PROBLEM DESCRIPTION:
Where does the word "three" show up in the data? Please find each such line and copy it.

DATA SHOWN:
%%
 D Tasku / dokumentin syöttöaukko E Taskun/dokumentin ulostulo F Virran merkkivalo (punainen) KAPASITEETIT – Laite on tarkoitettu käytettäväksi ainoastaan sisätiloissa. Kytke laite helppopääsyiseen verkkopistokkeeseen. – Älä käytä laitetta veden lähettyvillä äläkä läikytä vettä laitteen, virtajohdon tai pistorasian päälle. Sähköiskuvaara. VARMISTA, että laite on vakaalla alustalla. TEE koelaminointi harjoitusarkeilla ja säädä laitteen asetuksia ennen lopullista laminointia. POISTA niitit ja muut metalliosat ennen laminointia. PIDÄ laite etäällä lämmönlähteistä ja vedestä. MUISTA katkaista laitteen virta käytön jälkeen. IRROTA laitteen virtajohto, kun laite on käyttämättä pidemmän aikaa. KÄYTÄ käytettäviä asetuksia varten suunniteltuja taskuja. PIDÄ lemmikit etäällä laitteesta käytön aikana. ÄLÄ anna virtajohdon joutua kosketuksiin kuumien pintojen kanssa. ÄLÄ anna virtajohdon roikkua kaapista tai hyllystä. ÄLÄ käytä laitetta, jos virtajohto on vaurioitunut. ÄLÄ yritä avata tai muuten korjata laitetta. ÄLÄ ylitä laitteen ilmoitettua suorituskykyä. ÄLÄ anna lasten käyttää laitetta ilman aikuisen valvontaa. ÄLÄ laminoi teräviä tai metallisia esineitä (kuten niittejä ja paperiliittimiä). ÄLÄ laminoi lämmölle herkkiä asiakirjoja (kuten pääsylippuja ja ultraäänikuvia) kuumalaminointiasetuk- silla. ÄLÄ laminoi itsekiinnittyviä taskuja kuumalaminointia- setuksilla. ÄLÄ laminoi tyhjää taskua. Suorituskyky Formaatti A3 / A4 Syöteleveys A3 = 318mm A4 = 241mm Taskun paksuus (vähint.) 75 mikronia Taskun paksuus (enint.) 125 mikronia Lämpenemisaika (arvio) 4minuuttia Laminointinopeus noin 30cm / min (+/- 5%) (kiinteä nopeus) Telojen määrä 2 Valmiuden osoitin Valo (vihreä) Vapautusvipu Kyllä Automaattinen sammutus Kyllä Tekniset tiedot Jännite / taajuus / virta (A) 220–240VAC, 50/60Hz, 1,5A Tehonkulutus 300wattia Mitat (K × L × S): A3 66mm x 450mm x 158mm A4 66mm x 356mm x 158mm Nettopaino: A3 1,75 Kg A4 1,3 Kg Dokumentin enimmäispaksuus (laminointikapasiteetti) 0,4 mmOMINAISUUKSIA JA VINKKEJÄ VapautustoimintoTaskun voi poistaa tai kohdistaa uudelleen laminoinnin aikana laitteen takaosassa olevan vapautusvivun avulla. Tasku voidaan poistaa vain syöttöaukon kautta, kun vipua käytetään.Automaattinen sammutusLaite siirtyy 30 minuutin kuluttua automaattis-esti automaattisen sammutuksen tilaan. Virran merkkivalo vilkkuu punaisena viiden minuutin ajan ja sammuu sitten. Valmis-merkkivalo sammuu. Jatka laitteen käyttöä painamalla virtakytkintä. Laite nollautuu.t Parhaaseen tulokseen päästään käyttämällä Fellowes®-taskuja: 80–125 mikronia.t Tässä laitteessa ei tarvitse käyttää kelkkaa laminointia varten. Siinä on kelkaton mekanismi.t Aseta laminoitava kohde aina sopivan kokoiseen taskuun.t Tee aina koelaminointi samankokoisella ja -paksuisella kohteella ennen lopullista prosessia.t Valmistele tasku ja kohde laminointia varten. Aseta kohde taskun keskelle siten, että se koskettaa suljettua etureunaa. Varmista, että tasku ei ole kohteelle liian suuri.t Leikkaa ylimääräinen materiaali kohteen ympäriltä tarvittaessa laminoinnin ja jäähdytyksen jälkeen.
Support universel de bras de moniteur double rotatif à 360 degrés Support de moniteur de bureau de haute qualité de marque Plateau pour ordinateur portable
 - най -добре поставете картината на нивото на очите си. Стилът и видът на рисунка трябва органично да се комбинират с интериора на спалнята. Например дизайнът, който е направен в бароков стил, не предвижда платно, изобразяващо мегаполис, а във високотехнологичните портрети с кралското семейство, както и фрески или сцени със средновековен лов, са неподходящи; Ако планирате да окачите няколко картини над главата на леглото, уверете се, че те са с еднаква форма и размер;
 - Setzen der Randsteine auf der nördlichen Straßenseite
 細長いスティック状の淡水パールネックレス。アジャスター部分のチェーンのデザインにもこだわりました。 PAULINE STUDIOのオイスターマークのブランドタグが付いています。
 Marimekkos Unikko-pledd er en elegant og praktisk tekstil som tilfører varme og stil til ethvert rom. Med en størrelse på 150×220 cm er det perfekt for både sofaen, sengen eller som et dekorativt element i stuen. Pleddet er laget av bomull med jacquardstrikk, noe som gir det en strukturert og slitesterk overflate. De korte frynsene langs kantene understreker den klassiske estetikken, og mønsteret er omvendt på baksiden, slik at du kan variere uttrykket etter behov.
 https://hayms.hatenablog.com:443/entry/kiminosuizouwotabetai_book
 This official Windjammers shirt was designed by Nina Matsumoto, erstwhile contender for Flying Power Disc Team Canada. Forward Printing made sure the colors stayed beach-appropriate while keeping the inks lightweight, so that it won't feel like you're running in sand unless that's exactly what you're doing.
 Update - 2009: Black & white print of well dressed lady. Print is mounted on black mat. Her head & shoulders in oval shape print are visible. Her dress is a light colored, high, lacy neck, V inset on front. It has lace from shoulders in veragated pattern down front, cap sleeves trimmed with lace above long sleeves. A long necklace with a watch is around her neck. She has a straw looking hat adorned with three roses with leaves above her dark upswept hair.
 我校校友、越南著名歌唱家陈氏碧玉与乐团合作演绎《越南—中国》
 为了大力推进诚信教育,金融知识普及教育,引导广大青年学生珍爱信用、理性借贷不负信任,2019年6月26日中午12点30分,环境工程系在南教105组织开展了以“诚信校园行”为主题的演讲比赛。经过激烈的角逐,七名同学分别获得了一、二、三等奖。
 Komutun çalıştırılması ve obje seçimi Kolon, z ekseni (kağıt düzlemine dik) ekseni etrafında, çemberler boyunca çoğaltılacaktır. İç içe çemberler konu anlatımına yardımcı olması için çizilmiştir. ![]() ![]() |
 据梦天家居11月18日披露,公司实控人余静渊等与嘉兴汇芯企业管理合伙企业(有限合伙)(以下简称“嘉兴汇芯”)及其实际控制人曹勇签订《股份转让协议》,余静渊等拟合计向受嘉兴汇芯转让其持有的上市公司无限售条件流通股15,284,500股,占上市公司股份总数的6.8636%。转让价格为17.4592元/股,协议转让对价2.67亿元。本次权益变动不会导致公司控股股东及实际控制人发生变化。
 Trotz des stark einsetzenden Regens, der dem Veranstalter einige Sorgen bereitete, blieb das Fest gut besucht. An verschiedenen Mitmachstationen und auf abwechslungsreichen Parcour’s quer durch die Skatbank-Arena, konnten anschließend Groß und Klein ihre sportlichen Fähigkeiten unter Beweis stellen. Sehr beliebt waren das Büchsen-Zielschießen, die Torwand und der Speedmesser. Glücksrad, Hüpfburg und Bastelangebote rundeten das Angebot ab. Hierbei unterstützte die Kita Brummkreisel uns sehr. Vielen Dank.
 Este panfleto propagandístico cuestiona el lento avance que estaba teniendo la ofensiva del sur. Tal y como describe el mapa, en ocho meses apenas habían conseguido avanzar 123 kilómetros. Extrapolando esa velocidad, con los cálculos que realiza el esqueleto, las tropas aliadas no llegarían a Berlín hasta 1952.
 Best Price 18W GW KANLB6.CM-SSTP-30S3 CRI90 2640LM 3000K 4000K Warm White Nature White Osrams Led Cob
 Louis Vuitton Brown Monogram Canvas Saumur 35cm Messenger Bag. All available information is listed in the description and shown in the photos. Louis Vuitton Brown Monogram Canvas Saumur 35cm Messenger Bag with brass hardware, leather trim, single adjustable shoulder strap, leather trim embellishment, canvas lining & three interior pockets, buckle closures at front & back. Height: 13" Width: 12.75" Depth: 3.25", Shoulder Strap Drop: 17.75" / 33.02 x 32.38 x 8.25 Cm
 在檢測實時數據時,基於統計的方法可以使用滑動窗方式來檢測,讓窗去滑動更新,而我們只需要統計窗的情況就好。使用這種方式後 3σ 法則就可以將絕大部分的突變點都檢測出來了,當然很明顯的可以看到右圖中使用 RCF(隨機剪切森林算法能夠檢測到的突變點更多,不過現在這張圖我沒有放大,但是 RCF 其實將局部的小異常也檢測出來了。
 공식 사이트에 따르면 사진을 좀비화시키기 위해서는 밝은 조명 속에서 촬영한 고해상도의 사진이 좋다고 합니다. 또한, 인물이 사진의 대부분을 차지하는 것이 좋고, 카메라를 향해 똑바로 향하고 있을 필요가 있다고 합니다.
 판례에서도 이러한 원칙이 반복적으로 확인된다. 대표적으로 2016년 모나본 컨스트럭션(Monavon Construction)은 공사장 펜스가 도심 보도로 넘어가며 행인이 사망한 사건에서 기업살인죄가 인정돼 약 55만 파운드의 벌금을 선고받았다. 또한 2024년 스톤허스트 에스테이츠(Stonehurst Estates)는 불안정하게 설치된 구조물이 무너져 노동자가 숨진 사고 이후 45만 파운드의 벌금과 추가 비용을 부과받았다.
%%
OUTPUT FOR THIS EXERCISE:
 Update - 2009: Black & white print of well dressed lady. Print is mounted on black mat. Her head & shoulders in oval shape print are visible. Her dress is a light colored, high, lacy neck, V inset on front. It has lace from shoulders in veragated pattern down front, cap sleeves trimmed with lace above long sleeves. A long necklace with a watch is around her neck. She has a straw looking hat adorned with three roses with leaves above her dark upswept hair.
 Louis Vuitton Brown Monogram Canvas Saumur 35cm Messenger Bag. All available information is listed in the description and shown in the photos. Louis Vuitton Brown Monogram Canvas Saumur 35cm Messenger Bag with brass hardware, leather trim, single adjustable shoulder strap, leather trim embellishment, canvas lining & three interior pockets, buckle closures at front & back. Height: 13" Width: 12.75" Depth: 3.25", Shoulder Strap Drop: 17.75" / 33.02 x 32.38 x 8.25 Cm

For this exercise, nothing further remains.